To download the data from AWS, you first need to download and install the AWS Command Line Interface (AWS CLI) tool. Go to https://aws.amazon.com/cli/, select the installer for your operating system, and follow the instructions.
Set the environment
Start GRASS GIS and create a new project (or locations as it was called prior to version 8.4) with the coordinate reference system (CRS) ESP 3857. Of course, if you already have a project with the required CRS, you can use that.
The global map of tree canopy heights comes in the form of cloud optimized GeoTIFF files. In the next section, you will select and download the tiles for your area of interest to your computer. To make things easier, create a new (temporary) directory to download the files to and make that the working directory.
List files and folders
The data is available on AWS. Besides the Cloud-optimized GeoTIFF files, there is also a Geojson file with the polygons showing the location of the tiles. You can use the asw-cli tool you installed earlier to get a list of the files and directories that are available. Click the
To list the content of a sub-folder, run the same code as above, but add the name of the sub-folder for which you want to list the content. For example, you can use the following code to list the content of the sub-folder alsgedi_global_v6_float.
If you click the
The chm sub-folder contains the Geotiff tiles of the canopy height map. Their names consist of a numerical code (the QuadKey) followed by the .tiff extension. The tiles.geojson file is a vector layer with polygons showing the location of each tile. For each polygon, the attribute table contains the QuadKey of the corresponding Geotiff file.
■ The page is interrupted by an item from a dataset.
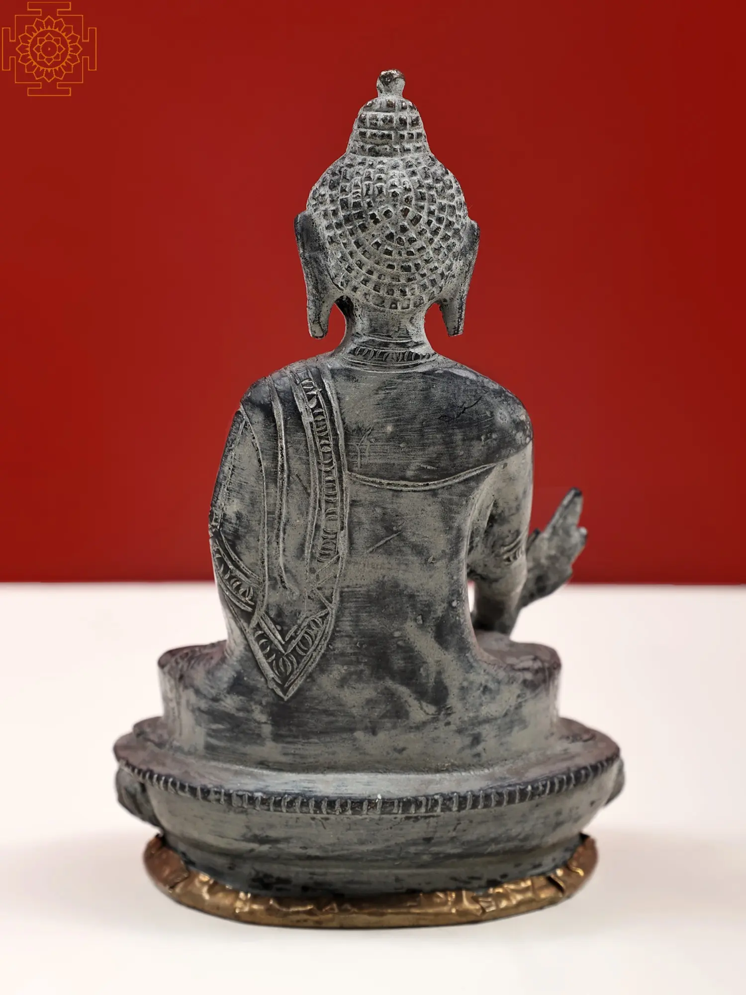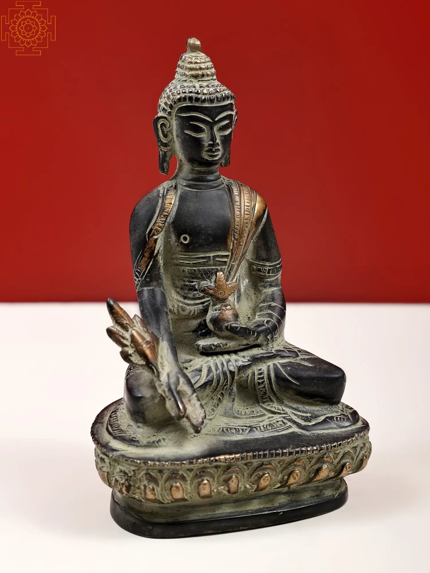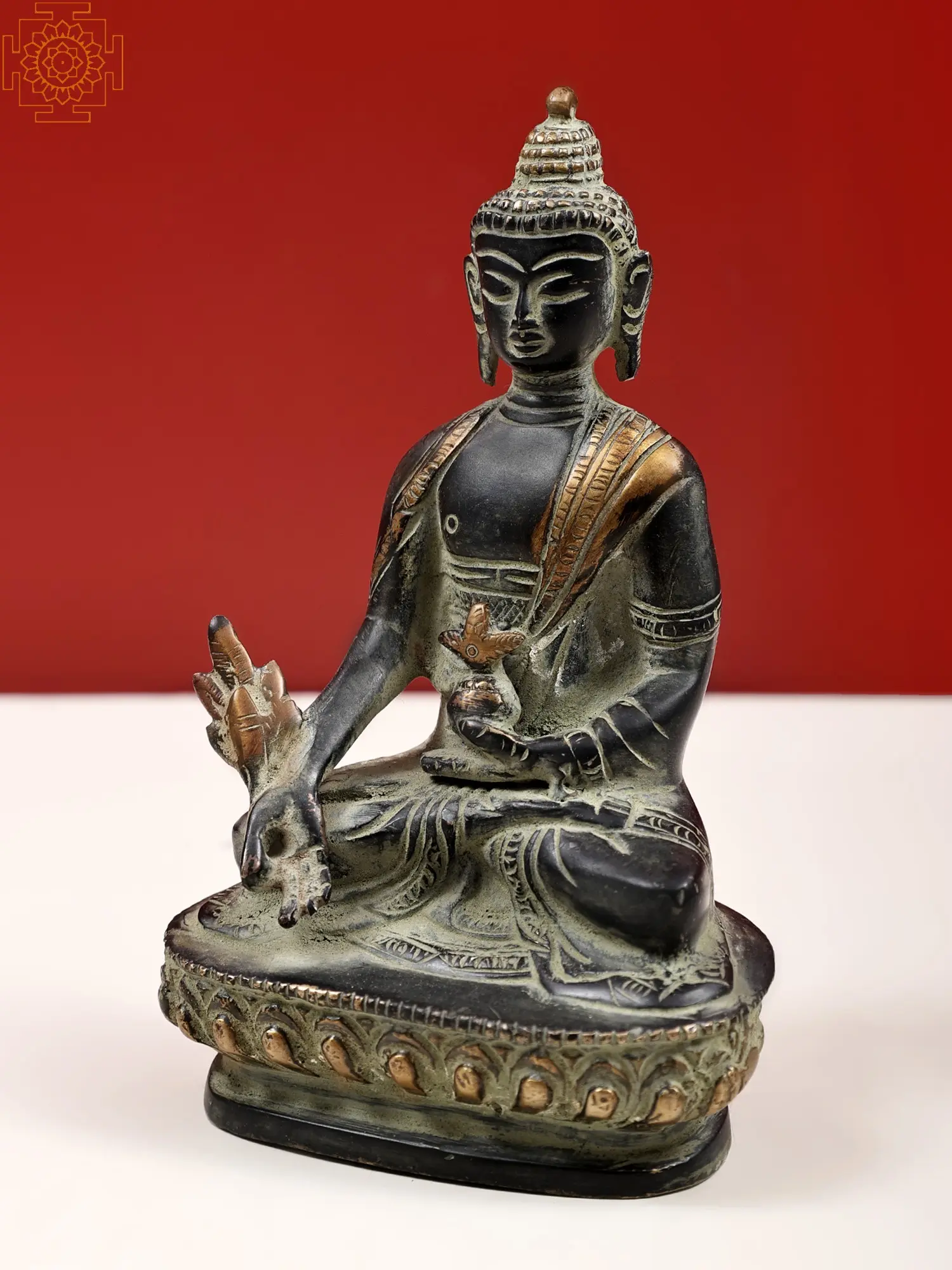 Medicine Buddha is popularly known as “Bhaisayaguru”. Often depicted seated in meditation (Dhyana Asana), his left hand holds a bowl of “Healing Nectar”, while his right hand holds the Myrobalan plant (also known as “Haritaki” or “Terminalia Chebula”), symbolising Lord Buddha’s role as the “Healer”. It is believed that by keeping the Medicine Buddha at home, the healing powers of the family members enhance and evil forces will not be able to infiltrate the household. Crafted in Brass, the sacred artwork invites you to find solace and relief from suffering through the divine blessings of the “Healing Buddha”.

The metadata folder contains a corresponding Geojson file [QuadKey].geojson with polygons that represent the observation date of the input imagery for area marked by that polygon. And lastly, the sub-folder msk contains cloud-cover masks accompanying GeoTIFs. The names are composed of the QuadKey.tif.msk.
Select the tiles
You now know in which folder to find what data. The next step is to identify the tiles covering the area of interest. For this tutorial, the area of interest is the Terai Arc Landscape (TAL) region. This is a region that straddles the border of Nepal and India Figure 1.
You can download the geopackage with the boundaries of the region here in the working directory. Replace this with the vector layer representing your area of interest. Next, import it into the mapset you created earlier.
Now, download the tiles.geojson file and import it into GRASS GIS. Note that according to the documentation, the polygon layer has the same CRS (EPSG 3857) as the GeoTIF files. However, in reality, the file has the EPSG 4326 CRS. So also here, use the r.import
function.
The next step is to identify the tiles that overlap with the TAL region, and to get the corresponding QuadKeys. Because you’ll need the list with QuadKeys later on, it is arguably easier to do this in Python.
# Select the tiles that overlap with the TAL region.
gs.run_command("v.select", ainput="tiles", binput="TALregion",
output="tiles_TAL", operator="overlap")
# Get a list with the QuadKeys from the attribute table
qk = gs.read_command(
"v.db.select",
flags="c",
map="tiles_TAL",
columns="tile",
format="plain",
separator="comma",
).split("\n")
# Remove the empty strings and convert string to integer
qk = [_f for _f in qk if _f]
Download and import the tiles
Now you can download the tiles that overlap with the TAL region. The following code will download the tiles, import them in GRASS GIS 1, and delete the Geotiff.
# Download and import
from os import path
# Download and import the files
baseurl = "s3://dataforgood-fb-data/forests/v1/alsgedi_global_v6_float/chm"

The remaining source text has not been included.